NLnetLabs / unbound

Unbound is a validating, recursive, and caching DNS resolver.
https://nlnetlabs.nl/unbound
BSD 3-Clause "New" or "Revised" License
3.06k stars 349 forks source link

edns-buffer-size problem prevents unbound-host from getting response #106

Open FGasper opened 4 years ago

FGasper commented 4 years ago

On a server I have access to I’ve noticed that unbound-host -t NS . fails.

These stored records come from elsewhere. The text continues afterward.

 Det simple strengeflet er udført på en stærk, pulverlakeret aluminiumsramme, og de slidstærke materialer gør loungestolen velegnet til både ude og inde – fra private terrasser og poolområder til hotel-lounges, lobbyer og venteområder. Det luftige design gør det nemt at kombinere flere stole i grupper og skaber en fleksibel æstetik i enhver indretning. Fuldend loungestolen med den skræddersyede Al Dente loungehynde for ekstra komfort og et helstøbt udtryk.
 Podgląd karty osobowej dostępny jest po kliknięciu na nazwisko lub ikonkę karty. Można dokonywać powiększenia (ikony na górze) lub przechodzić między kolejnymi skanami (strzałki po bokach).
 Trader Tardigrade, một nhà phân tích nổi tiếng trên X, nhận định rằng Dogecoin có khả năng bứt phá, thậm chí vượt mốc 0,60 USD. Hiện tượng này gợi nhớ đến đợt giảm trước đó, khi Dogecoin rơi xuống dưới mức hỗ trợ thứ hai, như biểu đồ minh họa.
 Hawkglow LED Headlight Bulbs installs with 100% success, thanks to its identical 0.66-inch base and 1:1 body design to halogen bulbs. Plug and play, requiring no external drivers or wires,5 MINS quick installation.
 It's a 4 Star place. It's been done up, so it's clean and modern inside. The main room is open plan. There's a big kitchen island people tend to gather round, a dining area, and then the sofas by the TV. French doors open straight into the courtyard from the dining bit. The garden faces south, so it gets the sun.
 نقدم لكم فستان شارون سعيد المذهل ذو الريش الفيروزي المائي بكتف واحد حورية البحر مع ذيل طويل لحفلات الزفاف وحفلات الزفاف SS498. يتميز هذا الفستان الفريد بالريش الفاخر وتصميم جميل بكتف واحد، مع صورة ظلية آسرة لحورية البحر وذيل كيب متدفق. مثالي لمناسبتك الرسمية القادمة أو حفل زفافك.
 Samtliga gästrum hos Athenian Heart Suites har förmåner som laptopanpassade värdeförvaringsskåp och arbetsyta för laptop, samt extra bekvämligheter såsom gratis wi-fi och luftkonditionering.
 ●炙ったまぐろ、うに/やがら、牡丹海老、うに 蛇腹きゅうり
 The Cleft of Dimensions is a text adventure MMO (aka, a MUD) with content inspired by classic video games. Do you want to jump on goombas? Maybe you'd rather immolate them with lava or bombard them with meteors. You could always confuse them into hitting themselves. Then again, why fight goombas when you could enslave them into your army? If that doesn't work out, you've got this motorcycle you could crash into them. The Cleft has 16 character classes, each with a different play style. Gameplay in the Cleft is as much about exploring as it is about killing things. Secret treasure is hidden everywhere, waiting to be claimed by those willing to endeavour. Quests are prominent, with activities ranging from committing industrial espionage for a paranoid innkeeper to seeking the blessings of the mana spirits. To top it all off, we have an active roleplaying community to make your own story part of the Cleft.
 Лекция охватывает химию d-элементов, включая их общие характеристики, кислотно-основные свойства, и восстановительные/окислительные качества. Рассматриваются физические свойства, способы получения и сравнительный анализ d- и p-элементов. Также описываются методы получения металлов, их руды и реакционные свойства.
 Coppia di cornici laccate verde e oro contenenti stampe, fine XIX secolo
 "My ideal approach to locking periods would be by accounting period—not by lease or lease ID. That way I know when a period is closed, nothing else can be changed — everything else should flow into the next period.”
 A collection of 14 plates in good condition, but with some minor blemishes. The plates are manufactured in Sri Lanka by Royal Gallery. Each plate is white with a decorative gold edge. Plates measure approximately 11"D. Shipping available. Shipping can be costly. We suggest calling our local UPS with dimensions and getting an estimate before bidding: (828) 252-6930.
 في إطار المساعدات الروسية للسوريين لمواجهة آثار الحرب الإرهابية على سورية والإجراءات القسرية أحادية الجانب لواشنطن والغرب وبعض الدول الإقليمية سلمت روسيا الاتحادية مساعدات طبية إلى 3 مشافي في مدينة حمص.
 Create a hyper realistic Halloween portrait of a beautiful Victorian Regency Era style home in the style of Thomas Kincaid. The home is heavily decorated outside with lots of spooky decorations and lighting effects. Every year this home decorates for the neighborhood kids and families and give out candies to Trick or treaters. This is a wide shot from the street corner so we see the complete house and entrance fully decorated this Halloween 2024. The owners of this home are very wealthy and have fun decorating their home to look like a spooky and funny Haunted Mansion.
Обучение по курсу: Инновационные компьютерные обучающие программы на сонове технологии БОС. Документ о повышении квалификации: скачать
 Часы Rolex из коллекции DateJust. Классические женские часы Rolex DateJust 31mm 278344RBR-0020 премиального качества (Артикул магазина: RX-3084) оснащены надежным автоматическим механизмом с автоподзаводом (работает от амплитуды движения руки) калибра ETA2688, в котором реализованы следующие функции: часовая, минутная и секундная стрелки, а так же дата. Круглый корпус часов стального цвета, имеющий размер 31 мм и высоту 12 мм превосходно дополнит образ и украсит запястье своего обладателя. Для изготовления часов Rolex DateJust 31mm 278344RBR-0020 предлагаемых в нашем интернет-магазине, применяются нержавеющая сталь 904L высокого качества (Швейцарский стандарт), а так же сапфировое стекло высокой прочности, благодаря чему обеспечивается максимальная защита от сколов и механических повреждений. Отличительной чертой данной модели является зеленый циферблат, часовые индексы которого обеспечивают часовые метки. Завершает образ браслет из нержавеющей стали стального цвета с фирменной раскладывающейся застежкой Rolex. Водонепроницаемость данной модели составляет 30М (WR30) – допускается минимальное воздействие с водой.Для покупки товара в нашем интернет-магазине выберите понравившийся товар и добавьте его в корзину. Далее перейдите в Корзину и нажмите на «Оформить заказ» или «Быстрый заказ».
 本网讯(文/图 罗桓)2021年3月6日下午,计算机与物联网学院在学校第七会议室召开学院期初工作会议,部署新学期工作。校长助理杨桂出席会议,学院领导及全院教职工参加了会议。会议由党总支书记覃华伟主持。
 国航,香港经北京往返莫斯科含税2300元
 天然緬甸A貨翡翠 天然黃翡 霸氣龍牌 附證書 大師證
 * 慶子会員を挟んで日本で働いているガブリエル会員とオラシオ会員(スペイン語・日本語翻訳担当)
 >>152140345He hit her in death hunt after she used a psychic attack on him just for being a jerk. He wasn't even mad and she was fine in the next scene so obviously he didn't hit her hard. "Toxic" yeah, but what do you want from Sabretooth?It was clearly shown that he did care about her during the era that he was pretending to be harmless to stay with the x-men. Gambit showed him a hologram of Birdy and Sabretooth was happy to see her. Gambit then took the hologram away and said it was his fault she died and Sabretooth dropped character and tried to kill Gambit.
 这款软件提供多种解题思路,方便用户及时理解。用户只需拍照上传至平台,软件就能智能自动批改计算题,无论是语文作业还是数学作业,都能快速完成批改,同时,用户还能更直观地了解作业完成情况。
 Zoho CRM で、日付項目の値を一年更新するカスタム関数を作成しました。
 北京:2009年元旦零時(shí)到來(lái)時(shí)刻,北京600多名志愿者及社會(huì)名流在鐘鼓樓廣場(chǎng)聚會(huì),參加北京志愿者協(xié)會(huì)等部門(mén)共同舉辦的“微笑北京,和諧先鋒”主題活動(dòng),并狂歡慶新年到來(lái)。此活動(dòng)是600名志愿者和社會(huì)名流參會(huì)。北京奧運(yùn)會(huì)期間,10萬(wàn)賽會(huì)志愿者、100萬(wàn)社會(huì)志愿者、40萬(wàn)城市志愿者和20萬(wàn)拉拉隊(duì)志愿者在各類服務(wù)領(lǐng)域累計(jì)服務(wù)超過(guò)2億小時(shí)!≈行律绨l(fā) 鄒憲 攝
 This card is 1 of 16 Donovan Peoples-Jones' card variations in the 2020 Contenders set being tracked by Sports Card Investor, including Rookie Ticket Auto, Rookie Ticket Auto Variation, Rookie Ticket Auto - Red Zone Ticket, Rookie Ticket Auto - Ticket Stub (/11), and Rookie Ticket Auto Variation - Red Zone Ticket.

When I strace the command I see that it’s sending a bunch of UDP queries to the root nameservers but receiving no replies.

When I create myunbound.conf:

server:
    edns-buffer-size: 512

… and run unbound-host -d -C myunbound.conf -t NS ., then I get the expected results.

While it’s reasonable that the EDNS buffer size would need to be adjusted for a UDP response, it seems like I shouldn’t have to do that in order to get any response, should I? If a certain time passes and no UDP queries have succeeded, shouldn’t libunbound fall back to TCP?

And, moreover, would it also make sense to send multiple UDP queries concurrently: one with a EDNS=512, another with EDNS=1472, etc.? That way if, e.g., 4096 gets no response but 1472 and 512 do, and 512 is truncated but 1472 isn’t, we can still have the UDP response without having had to do TCP?

ralphdolmans commented 4 years ago

If a certain time passes and no UDP queries have succeeded, shouldn’t libunbound fall back to TCP?

Unbound only queries over TCP when instructed to do so, ie TC bit received. Unless you configure Unbound to always use TCP or TLS.

And, moreover, would it also make sense to send multiple UDP queries concurrently: one with a EDNS=512, another with EDNS=1472, etc.? That way if, e.g., 4096 gets no response but 1472 and 512 do, and 512 is truncated but 1472 isn’t, we can still have the UDP response without having had to do TCP?

Unbound already falls back to 1472 for IPv4 and 1232 for IPv6 when resolving using a bigger buffer size fails. These fall-back values are chosen to prevent fragmentation, which in some cases can lead to resolution failures.

FGasper commented 4 years ago

@ralphdolmans Thank you for your response.

Would it be reasonable, then, to implement a fallback to 512 if 1472/1232 fails? We actually are seeing cases where 1472 is too big. Unbound will fall back to TCP if the UDP/512 query is fragmented, right?

ralphdolmans commented 4 years ago

Would it be reasonable, then, to implement a fallback to 512 if 1472/1232 fails?

I would prefer to not add an extra fallback for this. All these fallbacks make the code more complicated and generate more traffic towards unresponsive servers. This fallback is in place to work around fragmentation issues, which usually does not happen on 1472/1232. I recommend to debug and fix this network issue instead of working around it in Unbound. Maybe you have an overly aggressive firewall on your path?

Unbound will fall back to TCP if the UDP/512 query is fragmented, right?

The root NS set + signature won't fit in a 512 answer, so the server will reply with the truncation bit set. This will indeed trigger Unbound to retry over TCP.

FGasper commented 4 years ago

Alas, we don’t always control firewall settings, and a fair number of servers where we run libunbound apparently drop UDP responses whose sizes exceed 512 bytes.

It would be great to have an option to fall back to 512 and/or TCP. Failing that, we’ll see about some sort of application-level detection of this issue and force the EDNS max to 512 accordingly.